Supplied material:
_ _ _ _

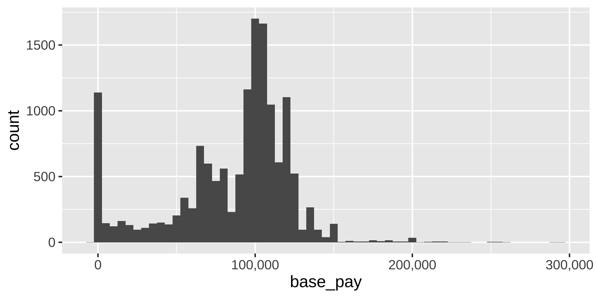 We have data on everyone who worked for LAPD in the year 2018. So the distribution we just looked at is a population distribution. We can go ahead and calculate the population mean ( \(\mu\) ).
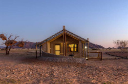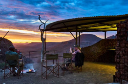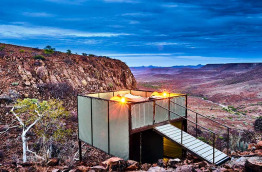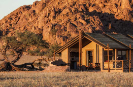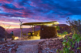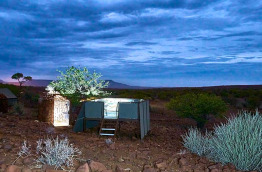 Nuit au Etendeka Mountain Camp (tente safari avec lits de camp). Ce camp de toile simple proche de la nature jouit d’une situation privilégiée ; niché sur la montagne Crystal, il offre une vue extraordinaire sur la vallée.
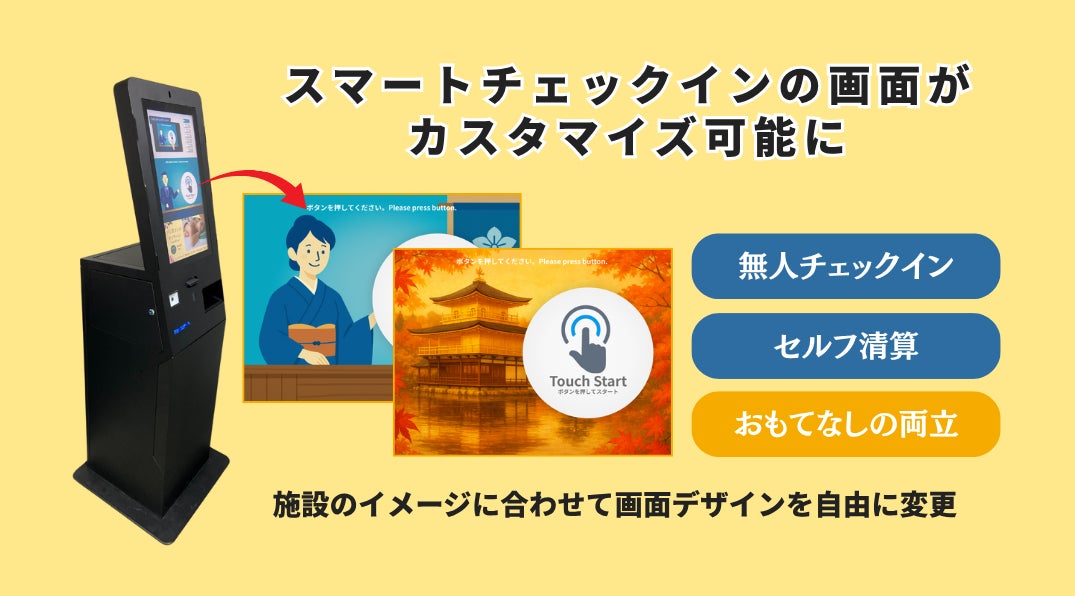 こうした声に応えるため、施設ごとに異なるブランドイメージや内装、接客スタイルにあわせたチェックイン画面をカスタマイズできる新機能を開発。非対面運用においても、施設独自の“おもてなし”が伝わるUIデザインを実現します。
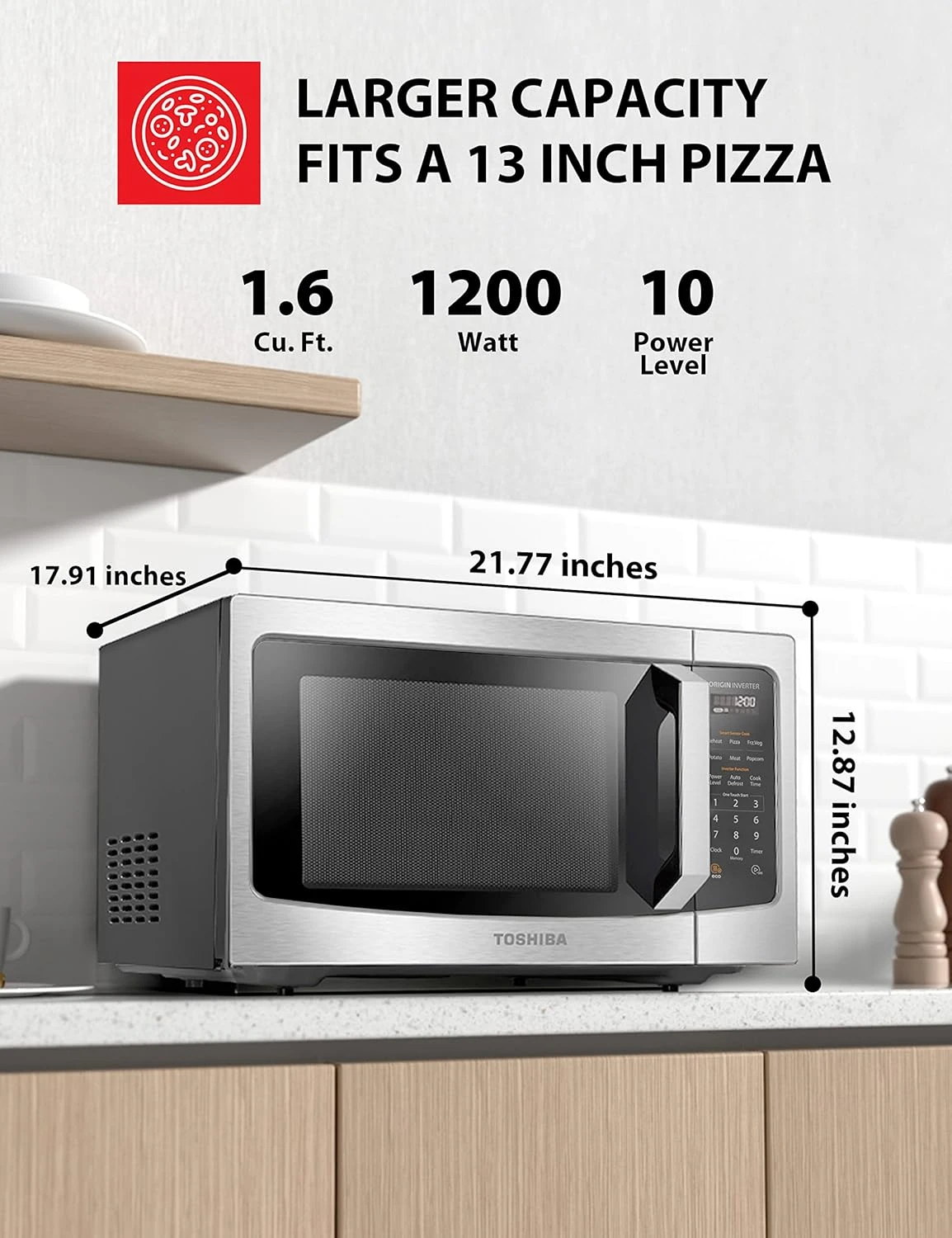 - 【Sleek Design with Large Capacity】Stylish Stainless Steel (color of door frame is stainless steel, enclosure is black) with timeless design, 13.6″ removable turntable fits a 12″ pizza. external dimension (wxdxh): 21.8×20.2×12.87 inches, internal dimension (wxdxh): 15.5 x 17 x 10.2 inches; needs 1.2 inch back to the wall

_ _ _ _

What is required: The answer should match the material exactly, with every picture removed.

Reply to the exercise:
 We have data on everyone who worked for LAPD in the year 2018. So the distribution we just looked at is a population distribution. We can go ahead and calculate the population mean ( \(\mu\) ).
 Nuit au Etendeka Mountain Camp (tente safari avec lits de camp). Ce camp de toile simple proche de la nature jouit d’une situation privilégiée ; niché sur la montagne Crystal, il offre une vue extraordinaire sur la vallée.
 こうした声に応えるため、施設ごとに異なるブランドイメージや内装、接客スタイルにあわせたチェックイン画面をカスタマイズできる新機能を開発。非対面運用においても、施設独自の“おもてなし”が伝わるUIデザインを実現します。
 - 【Sleek Design with Large Capacity】Stylish Stainless Steel (color of door frame is stainless steel, enclosure is black) with timeless design, 13.6″ removable turntable fits a 12″ pizza. external dimension (wxdxh): 21.8×20.2×12.87 inches, internal dimension (wxdxh): 15.5 x 17 x 10.2 inches; needs 1.2 inch back to the wall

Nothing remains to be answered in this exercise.